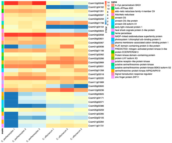 Differential expression of genes associated with cold tolerance in C. parthenoxylon and C. officinarum. The figure presents FPKM (fragments per kilobase of transcript per million mapped reads) values for genes implicated in cold tolerance mechanisms, including 2-Cys peroxiredoxin BAS1, annexin D5, heat shock cognate protein 2-like protein, mitogen-activated protein kinase 3-like, and zinc finger protein ZAT11, among others. Heatmap color intensity represents relative expression levels: warmer color (red) indicates higher expression, and cooler color (blue) represent lower expression.
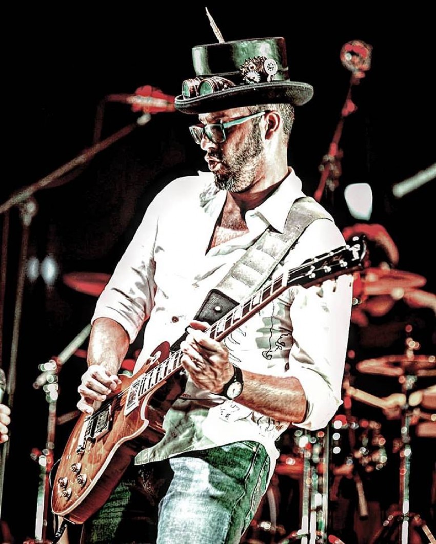Lex chitarrista degli SPIRITI RIBELLI in azione nella finale del Nettuno Music Lab 2018
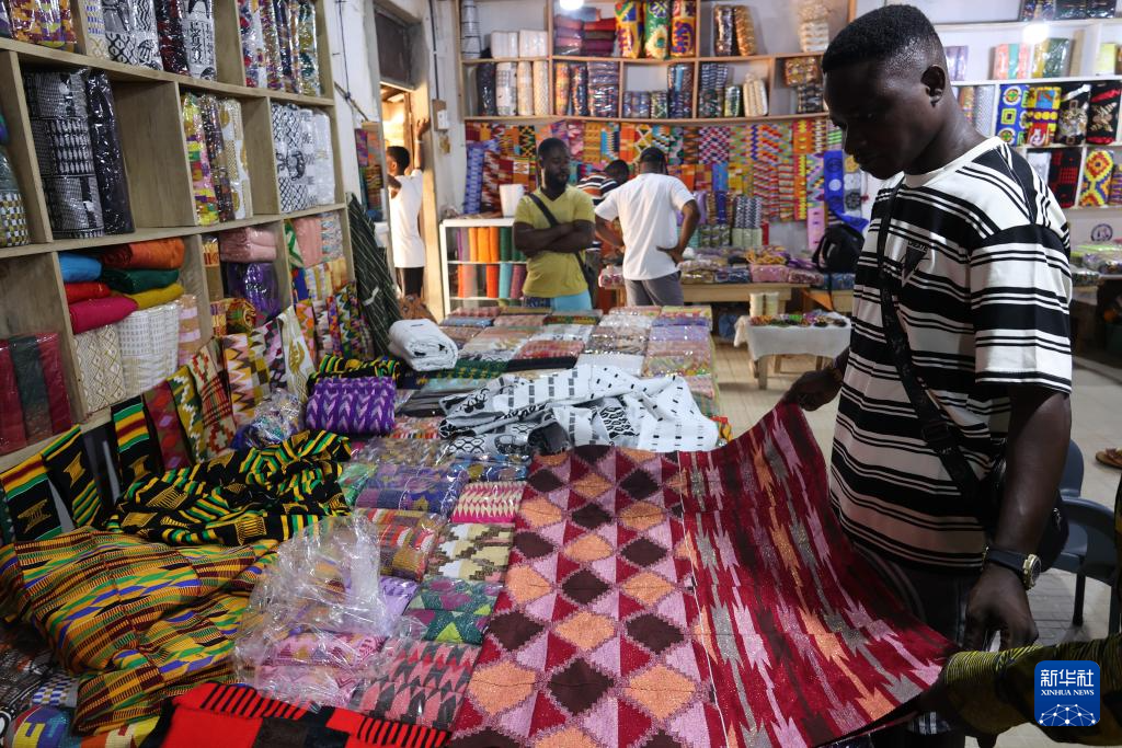 3月13日,在加纳阿散蒂省库马西市,商家在商店内整理“肯特布”。
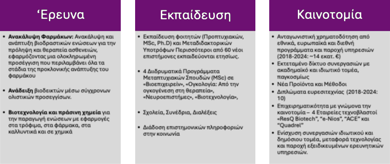 To IXB είναι μοναδικό στην Ελλάδα στην φαρμακευτική έρευνα χρησιμοποιώντας μια ολοκληρωμένη προσέγγιση που περιλαμβάνει όλα τα στάδια της ανακάλυψης φαρμάκων (δομική βιολογία, σχεδιασμός, σύνθεση, βιολογική αποτίμηση in vitro, ex vivo και in vivo, ανάπτυξη νανοφορέων για την αποτελεσματική χορήγηση τους) σε συνδυασμό με μεταφραστική έρευνα (συνεργασία με κλινικούς, βιοδείκτες, ανάλυση μεγάλων δεδομένων). Ανάλογες πειραματικές προσεγγίσεις πραγματοποιούνται σε φυσικές ουσίες αναφορικά με την δράση τους στην ευζωία, καθώς και σε ασθένειες που σχετίζονται με την γήρανση.
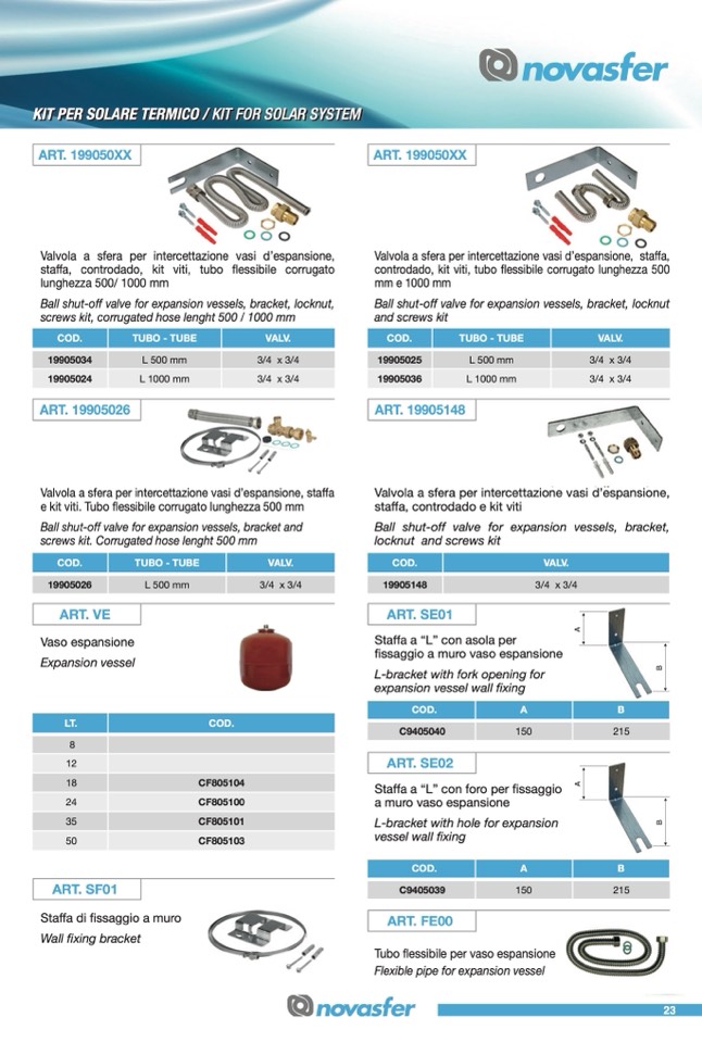 Valvola a sfera per intercettazione vasi d’espansione, staffa,
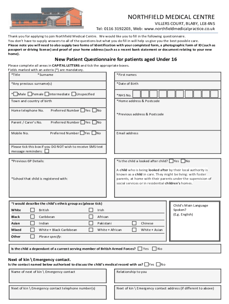 NORTHFIELD MEDICAL Center KILLERS COURT, BABY, LE8 4NS Tel: 0116 3192203, Web: www.northfieldmedicalpractice.co.uk Thank you for applying to join Northfield Medical Center. We would like you to fill
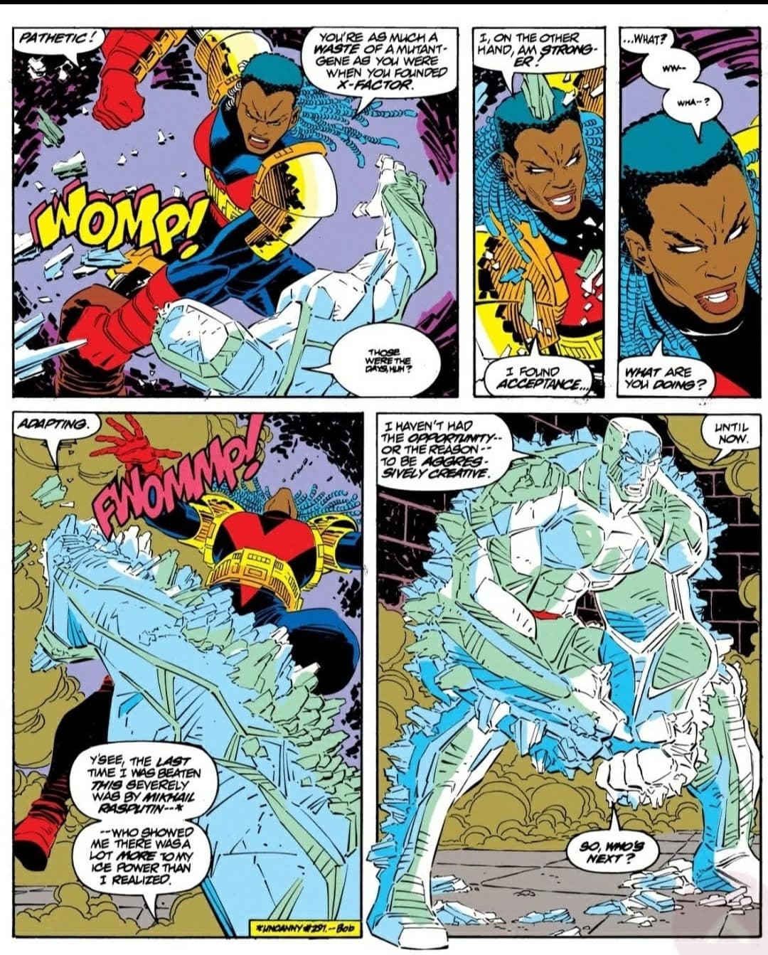 D’emblée, le groupe de candidats est divisé en deux catégories pour leur examen d’entrée/crash-test ; ceux destinés à rester (Tornade, Colossus, Diablo et un Wolverine qui devra attendre Byrne pour être plus mis en avant) et ceux destinés à ne pas faire long feu (Banshee, Sunfire, Thunderbird). Cette idée est finalement abandonnée (sauf pour Sunfire qui jettera vite l’éponge). Ne sachant pas trop quoi faire du peu sociable Épervier (au delà de sa propension à contester l’autorité de Cyke, une fonction qu’il partage avec le griffu canadien), celui-ci finira pas être dégagé peu après d’une manière plus définitive. Quant à Sean Cassidy, il s’accrochera jusqu’à 1979, en finissant par s’en aller en même temps que l’editor Roger Stern.
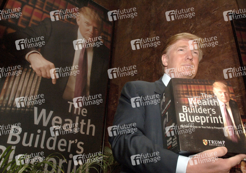 Donald Trump bei einer Pressekonferenz zu Bekanntgabe der Gründung einer Trump University im Trump Tower. New York, 26.05.2005
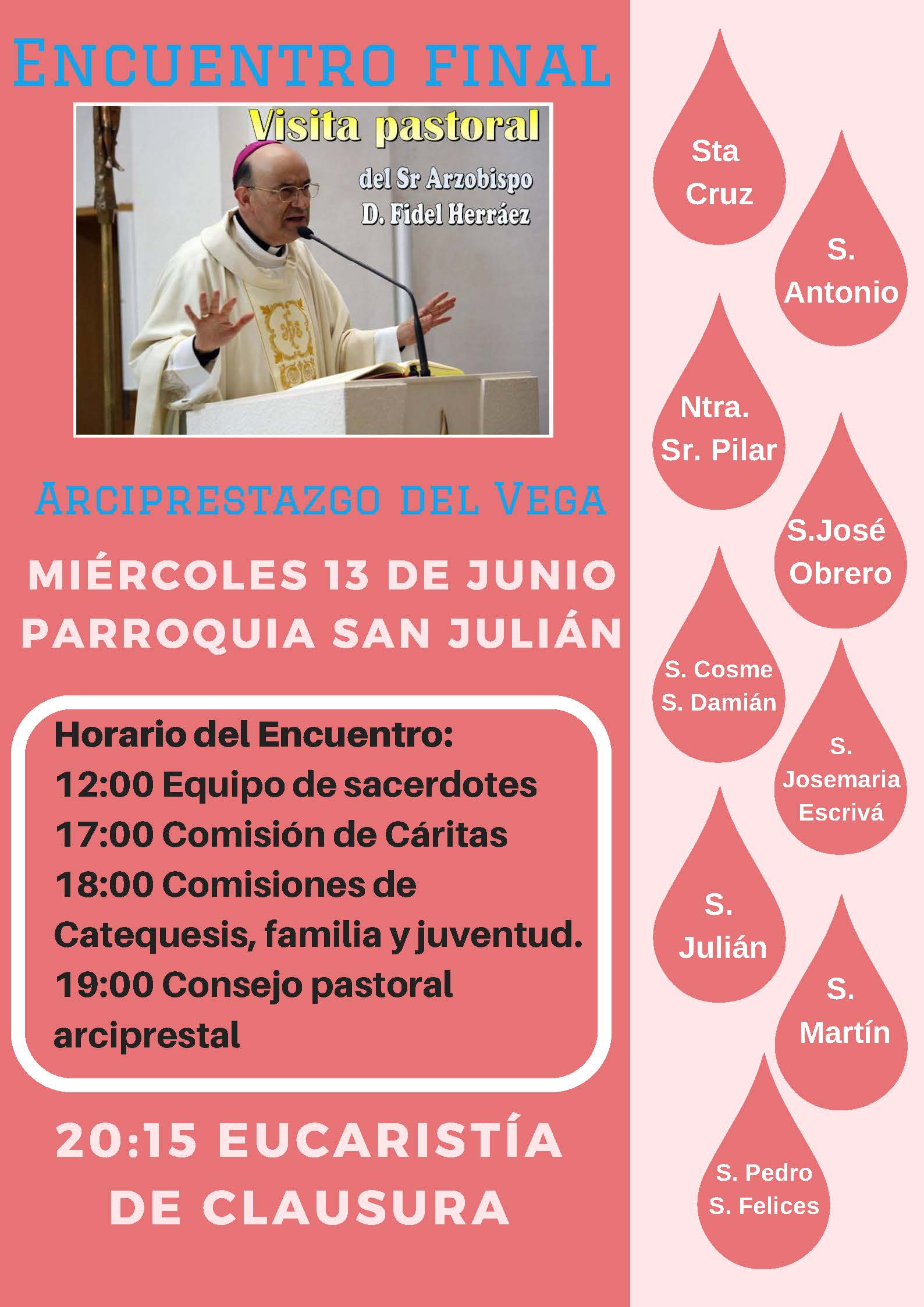 El próximo miércoles 13 de junio se celebrará la clausura de la Visita Pastoral de don Fidel al Arciprestazgo de Vega. Tendrá lugar en la parroquia de San Julián. Después de una reunión con el Consejo Arciprestal celebrará la Eucaristía de clausura a las 20:15h, acompañado de los Sacerdotes del Arciprestazgo y de los feligreses de las 9 parroquias que integran el Arciprestazgo. En el cartel anunciador podéis ver más detalles. Estáis todos invitados.

===

**ACTIVITY**
Restate the whole listing exactly as written, minus the pictures.

**SOLUTION FOR THIS EXERCISE**
 Differential expression of genes associated with cold tolerance in C. parthenoxylon and C. officinarum. The figure presents FPKM (fragments per kilobase of transcript per million mapped reads) values for genes implicated in cold tolerance mechanisms, including 2-Cys peroxiredoxin BAS1, annexin D5, heat shock cognate protein 2-like protein, mitogen-activated protein kinase 3-like, and zinc finger protein ZAT11, among others. Heatmap color intensity represents relative expression levels: warmer color (red) indicates higher expression, and cooler color (blue) represent lower expression.
Lex chitarrista degli SPIRITI RIBELLI in azione nella finale del Nettuno Music Lab 2018
 3月13日,在加纳阿散蒂省库马西市,商家在商店内整理“肯特布”。
 To IXB είναι μοναδικό στην Ελλάδα στην φαρμακευτική έρευνα χρησιμοποιώντας μια ολοκληρωμένη προσέγγιση που περιλαμβάνει όλα τα στάδια της ανακάλυψης φαρμάκων (δομική βιολογία, σχεδιασμός, σύνθεση, βιολογική αποτίμηση in vitro, ex vivo και in vivo, ανάπτυξη νανοφορέων για την αποτελεσματική χορήγηση τους) σε συνδυασμό με μεταφραστική έρευνα (συνεργασία με κλινικούς, βιοδείκτες, ανάλυση μεγάλων δεδομένων). Ανάλογες πειραματικές προσεγγίσεις πραγματοποιούνται σε φυσικές ουσίες αναφορικά με την δράση τους στην ευζωία, καθώς και σε ασθένειες που σχετίζονται με την γήρανση.
 Valvola a sfera per intercettazione vasi d’espansione, staffa,
 NORTHFIELD MEDICAL Center KILLERS COURT, BABY, LE8 4NS Tel: 0116 3192203, Web: www.northfieldmedicalpractice.co.uk Thank you for applying to join Northfield Medical Center. We would like you to fill
 D’emblée, le groupe de candidats est divisé en deux catégories pour leur examen d’entrée/crash-test ; ceux destinés à rester (Tornade, Colossus, Diablo et un Wolverine qui devra attendre Byrne pour être plus mis en avant) et ceux destinés à ne pas faire long feu (Banshee, Sunfire, Thunderbird). Cette idée est finalement abandonnée (sauf pour Sunfire qui jettera vite l’éponge). Ne sachant pas trop quoi faire du peu sociable Épervier (au delà de sa propension à contester l’autorité de Cyke, une fonction qu’il partage avec le griffu canadien), celui-ci finira pas être dégagé peu après d’une manière plus définitive. Quant à Sean Cassidy, il s’accrochera jusqu’à 1979, en finissant par s’en aller en même temps que l’editor Roger Stern.
 Donald Trump bei einer Pressekonferenz zu Bekanntgabe der Gründung einer Trump University im Trump Tower. New York, 26.05.2005
 El próximo miércoles 13 de junio se celebrará la clausura de la Visita Pastoral de don Fidel al Arciprestazgo de Vega. Tendrá lugar en la parroquia de San Julián. Después de una reunión con el Consejo Arciprestal celebrará la Eucaristía de clausura a las 20:15h, acompañado de los Sacerdotes del Arciprestazgo y de los feligreses de las 9 parroquias que integran el Arciprestazgo. En el cartel anunciador podéis ver más detalles. Estáis todos invitados.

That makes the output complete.